Fijian island beats the rat-race…
…eradication by adapting techniques developed in New ZealandA partnership between BirdLife International and the Nagilogilo Clan of Vatuira has resulted in the successful eradication of Pacific Rats Rattus exulans from this internationally important seabird colony. Vatuira – a small island located 15 km from the coast of Fiji’s largest island Viti Levu – is an Important Bird Area (IBA) for several seabird species, including 28,000 breeding pairs of Black Noddies Anous minutus. However, introduced Pacific Rats were predating large numbers of seabird eggs and chicks, posing a threat to the long-term survival of the seabird colonies. There are already encouraging signs of bird recovery, with the island now officially declared ‘rat-free’.Fiji is one of the few nations in the tropical pacific with a high diversity of seabirds. Of a total of 19 seabird species known to breed within the region, seven rear young on Vatuira. IBAs are sites selected from international criteria defined by BirdLife and represent the world’s most important locations for birds. Most of the seabird species are ground nesting, making them highly vulnerable to rat predation.
Ground nesting species such as Bridled Tern Sterna anaethetus and Black-naped Tern Sterna sumatrana have been observed raising chicks on Vatuira for the first time since the eradication was completed” said Don Stewart, Director for BirdLife International in the Pacific region.

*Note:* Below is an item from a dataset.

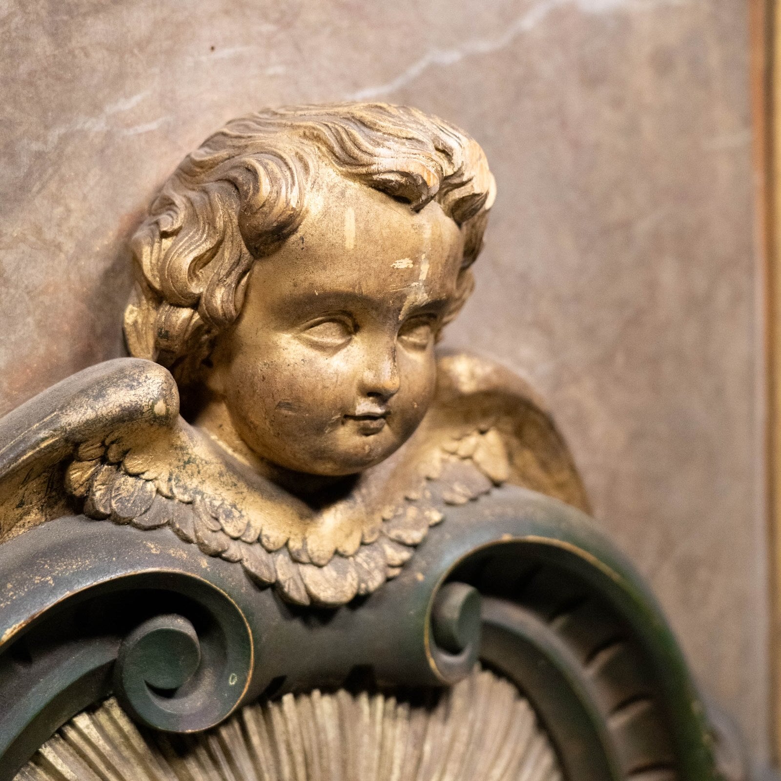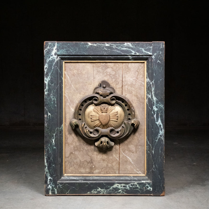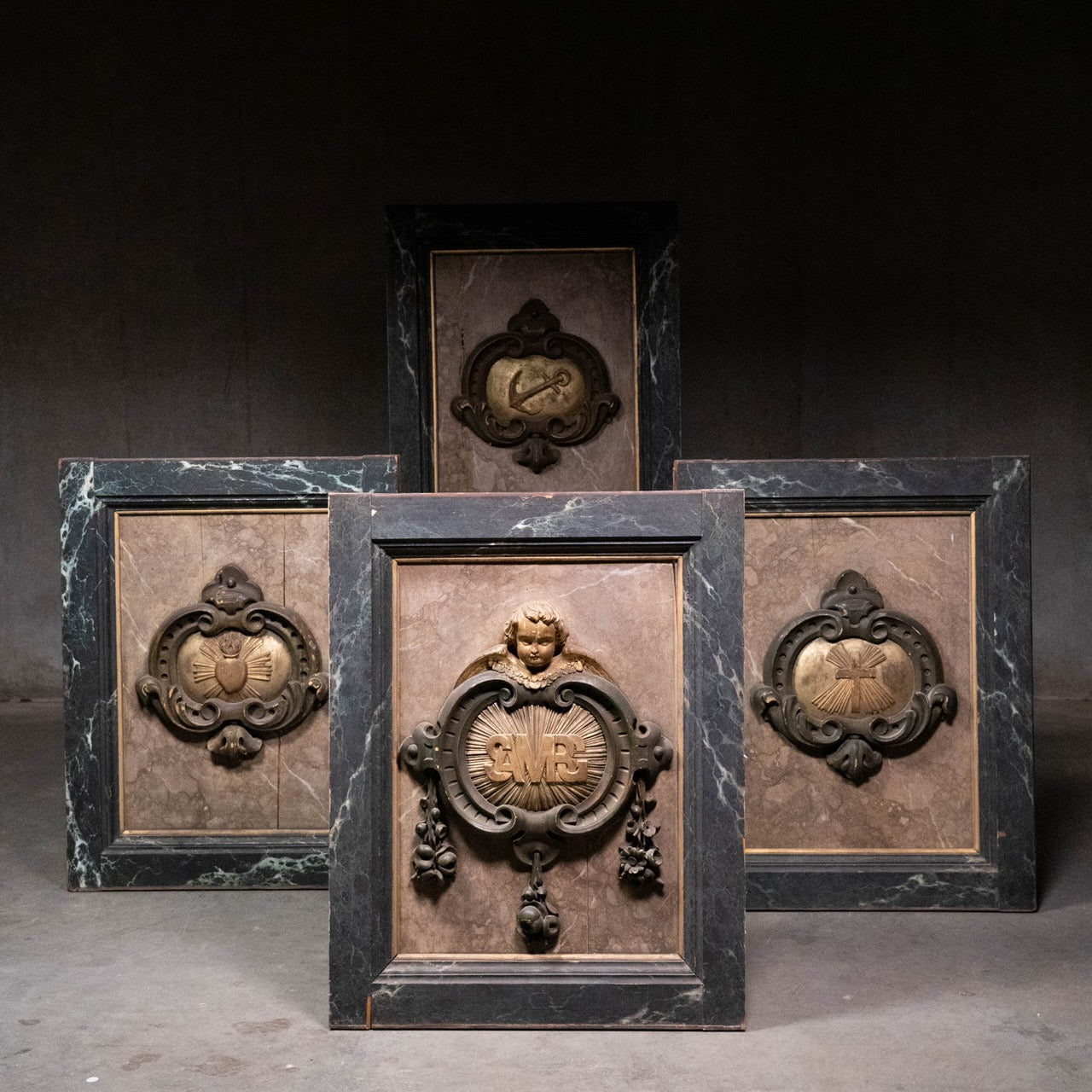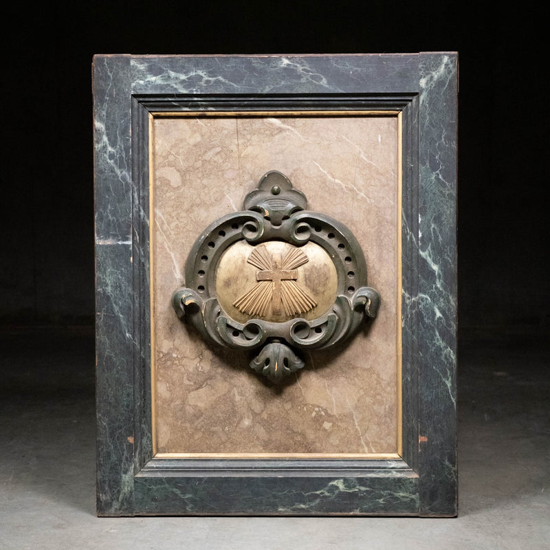 They don’t get much better , solid wood carved iconic religious art in faux painted marble frames , beautiful details all in untouched as found condition . These are some of the best we have seen salvaged years ago from a church in Chicago.

It is now hoped that these species, and others, will establish significant populations on the island. It is not known when rats were introduced to Vatuira. “Rats are a Pacific-wide problem that needs to be urgently addressed if we are going to help protect our seabirds from extinction” explained Mr Stewart. “In order to tackle the problem, BirdLife worked closely with the Nagilogilo Clan of Vatuira who actively supported the rats’ eradication and subsequent monitoring work”.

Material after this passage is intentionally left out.